The seeder is the integration test surface — every phase
should leave the seeder publishing enough events to exercise
the new live wiring. Today's seeder publishes 4 daemons +
log lines + cordon/uncordon admin events. Per phase:

- **Phase A**: register `MeshOsDaemonSdk` daemons in groups
  (`ReplicaGroupConfig` of 3 mikoshis, `StandbyGroupConfig`
  of 3 anti_entrs). Each group exercises one lineage type so
  the DAEMON tab has all three group flavors visible.
- **Phase B**: publish `ReplicaUpdate::Added { chain, holder }`
  events so the snapshot's `replicas` populates → NET.MAP
  edge derivation has input. Optional: synthesize fake peers
  by publishing `PeerHealthUpdate` events.
- **Phase C**: nothing new — admin commits already exercised.
- **Phase D**: synthesize a burst of LogLine events on a
  sub-millisecond cadence to stress the tail widget.
- **Phase E**: bootstrap an `AdminVerifier` with a
  registered operator key so ICE commits actually verify.

The seeder lives in `src/demo.rs` and stays gated behind
`feature = "demo"` throughout.

---

## Open questions

- **Label store format.** TOML map `node_id → label` is
  simplest. Alternatively the substrate exposes
  `peer.capabilities[mesh.label]` and deck reads that — no
  client-side config. The latter is cleaner long-term;
  the former unblocks Phase B today.
- **Topology edge weight semantics.** "Two nodes hold the
  same chain" is a binary relation; thicker edge =
  more shared chains? Worth keeping simple at first (binary).
- **Sparkline window**: 60 s × 1 s buckets vs 5 min ×
  5 s. The DAEMON detail sparkline is just one example;
  pick a default that matches the substrate's actual
  sampling cadence so the ring isn't aliased.
- **Multi-operator signatures in the demo.** ICE requires
  M-of-N. The demo needs either: (a) a pre-baked test
  signature bundle, (b) a `--ice-threshold=1` operator
  policy override, (c) skip ICE in demo until real operator
  identities exist.

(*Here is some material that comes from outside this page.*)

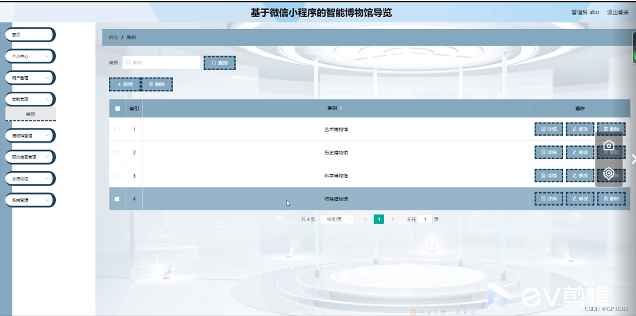 3、查看智能博物馆导览信息:用户登录成功后,能够按分类或者查找智能博物馆导览信息进行管理。
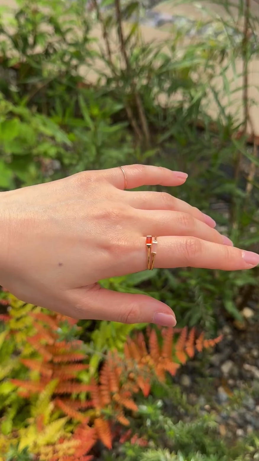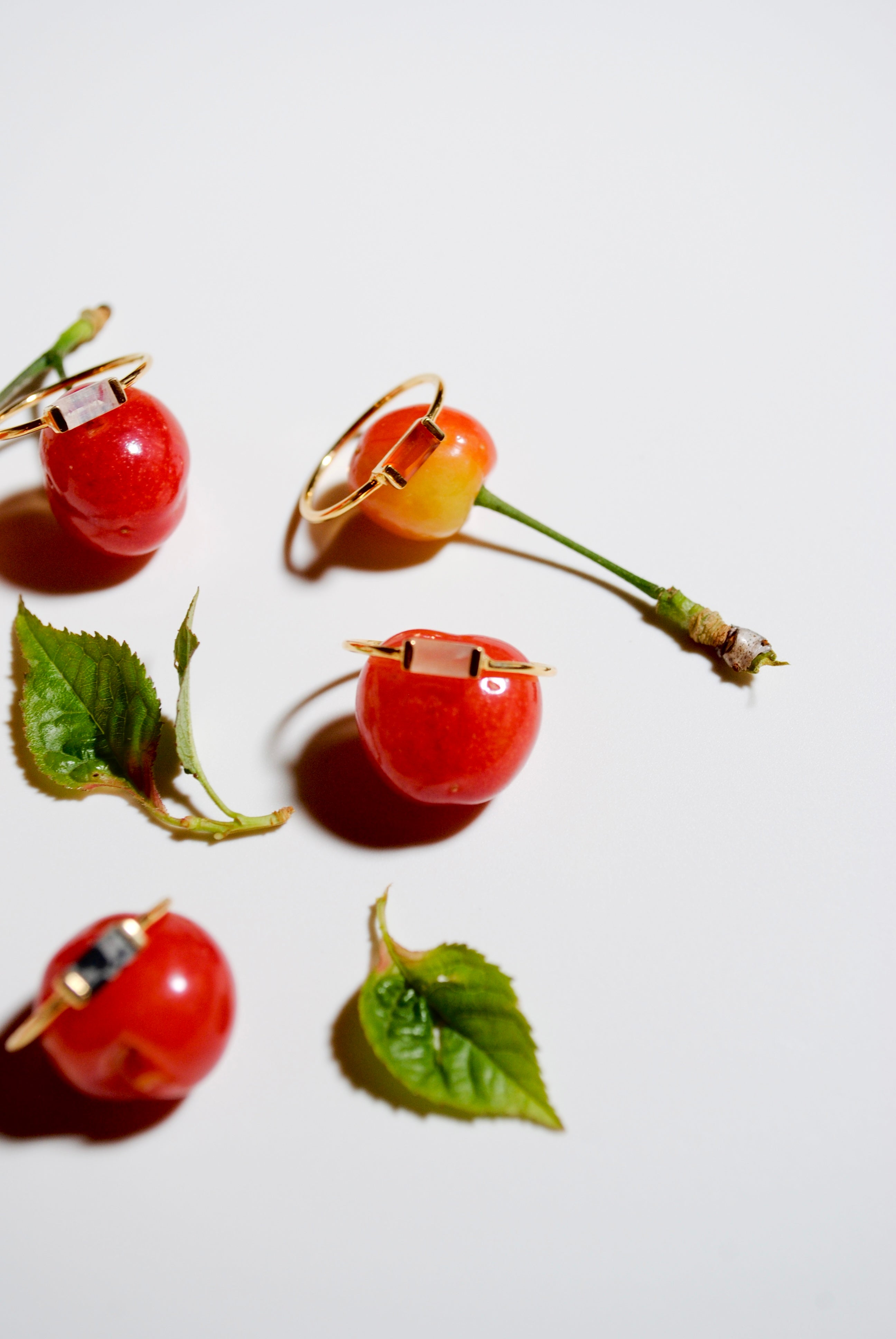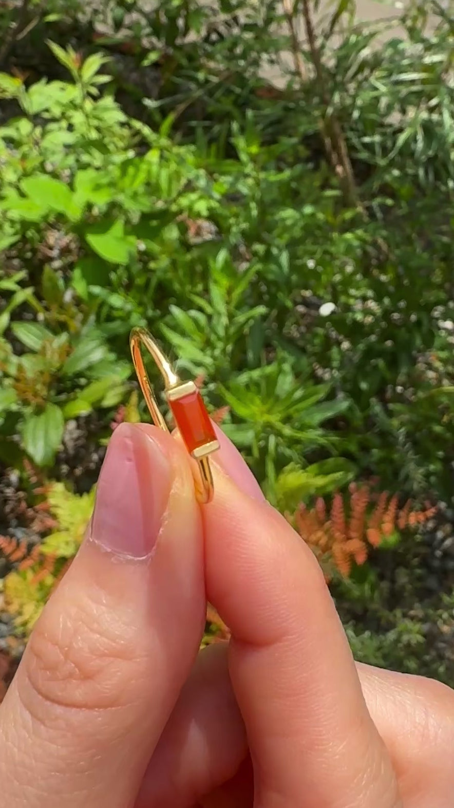 両サイドのみで挟み込むように石を固定したセッティングをしているため、石の美しさがより際立つジュエリーに仕上げました。カラーバリエーションが豊富で、小ぶりなサイズなのでお好きなカラーを2つ重ね付けしても素敵です。

Probably (b) for ergonomics.

---

## Out of scope for this build plan

- **GUI / web / mobile.** Terminal only.
- **Multi-user / RBAC.** One operator identity per session.
- **Cross-language bindings.** Other-language Deck bindings
  follow the SDK plan, not this binary.
- **Cluster bootstrap / installation.** Deck assumes a running
  cluster (or the demo harness in this binary).

---

*Tactical companion to [`../docs/plans/DECK_PLAN.md`](../docs/plans/DECK_PLAN.md).
Update as substrate gaps close + new tabs land.*